I'm still struggling to get my head around this surgery thing. As it stands, surgical trainees are chomping at the bit to get theatre time, so much that we've employed ANPs to staff the wards doing previously junior doc jobs so they get theatre time. On top of this, there's not enough hours in the day (as far as EWTD is concerned) for them to get as many hours as it stands on top of ward time. While waiting lists are a concern, wouldn't it make more sense to use these PAs on the wards so that the trainees hours could be rotated more flexibly to meet both the needs of the service and their training needs together?

Also, the AAA graft going through someone's duodenum while they had a completely unrelated knee op has nothing to do with the minor vs major surgery thing. A cholecystectomy is NOT what I or many others would define as a minor op, be it laparoscopic or open.

The other side of this is that there may be space for training some PAs in scrub to work as first assistant, however, if you're a consultant looking for people to train up to do this as a non trainee role, who do you go for? The PA with two years experience as a trainee PA revolving throughout all sorts of different specialities or the scrub nurse/ODP who has 5-10 years + of solely periop experience in the theatre environment training as a surgical care practitioner, a role that's well established in a lot of cardiothoracic teams (and many others) already.
(edited 8 years ago)
Original post by LosPA
Paradoxically there is no stipulation in law stating that only a Dr can operate, so PAs may even do this before prescribing meds (if we do more than become expert handover sheet managers!).


This is mental.

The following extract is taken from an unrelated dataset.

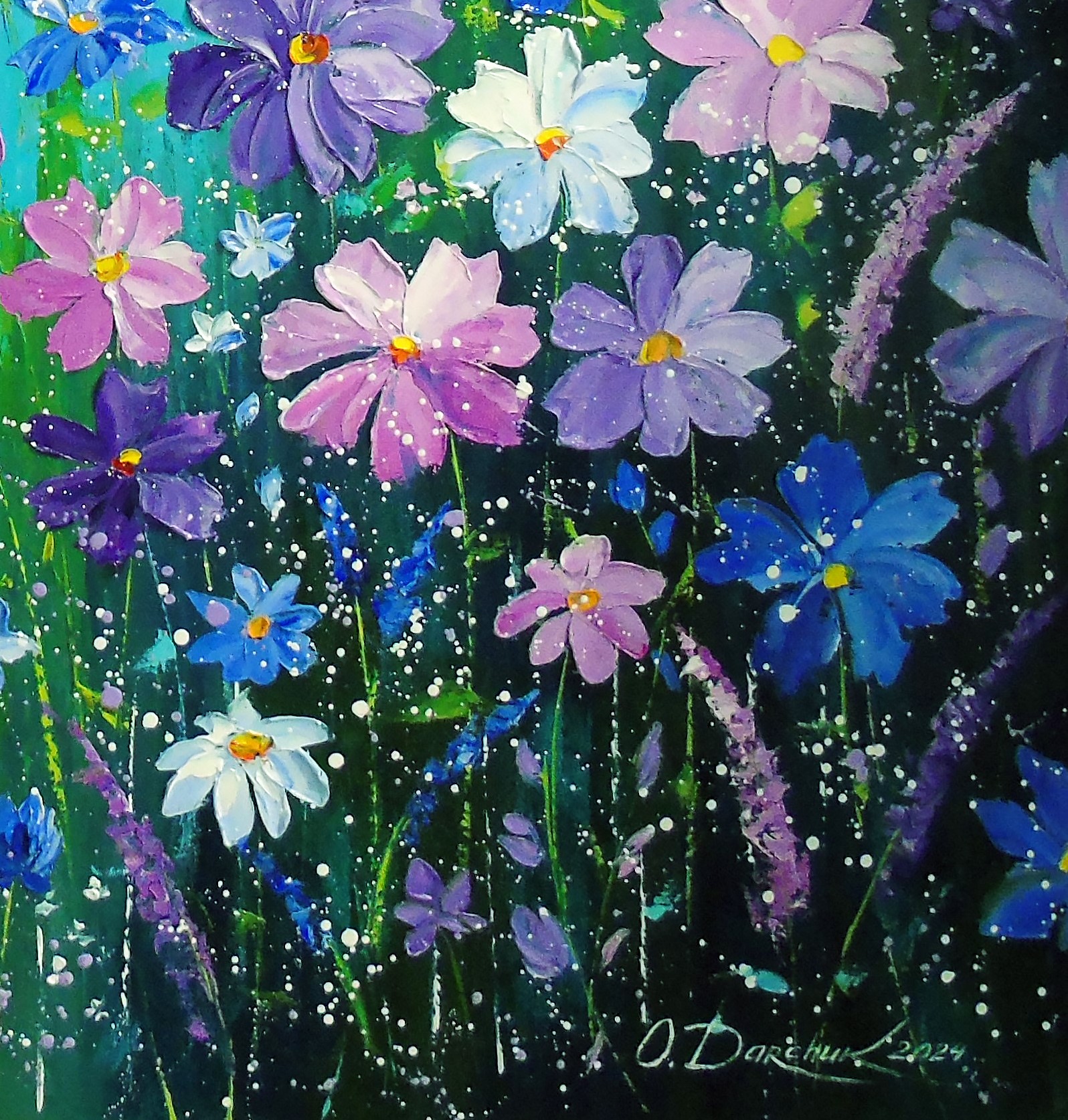 Dance of the morning flowers oil painting on canvas 100% handmade high quality oil on canvas, sides painted, for interior or as a gift, will decorate your interior and will please you and your loved ones for a long time. Ready to hang.Colorful wildflowers in shades of pink, purple, and blue fill the vibrant meadow, creating a lively and lush scene. The background blends soft greens and yellows, enhancing the bright and cheerful atmosphere.

There is a reason why surgeons have to go through an eight year postgraduate training programme. In your fantasy world, are PAs also going to sit the MRCS/FRCS? Or does your two year postgrad diploma exempt you from that?

Even podiatrists have to go through more rigorous training than PAs before they get to do minor foot surgery. And in this case, the word "minor" is appropriate; a cholecystectomy is never a minor operation - this is not semantics, it is medical fact!
PAs in my hospital have been proven to be better than doctors. They take years to learn whereas we only learn important things. In my hospital after a couple of months we are able to minor procedures such as performing anaesthesia, operating and doing endoscopies. We can do these all to better abilities that doctors as our training is so intensive that we our better.

Currently I work on my own surgical list where I anaesthetise all my patients and operate on them as well. I have junior doctors to assist me. Next week, I am doing a course so I can run the air ambulance service single handedly. Also we will replace ANPs as they only have defined roles whereas PAs can work everywhere and do everything. Also they are not as good as us as they have not learnt on the 'medical model'.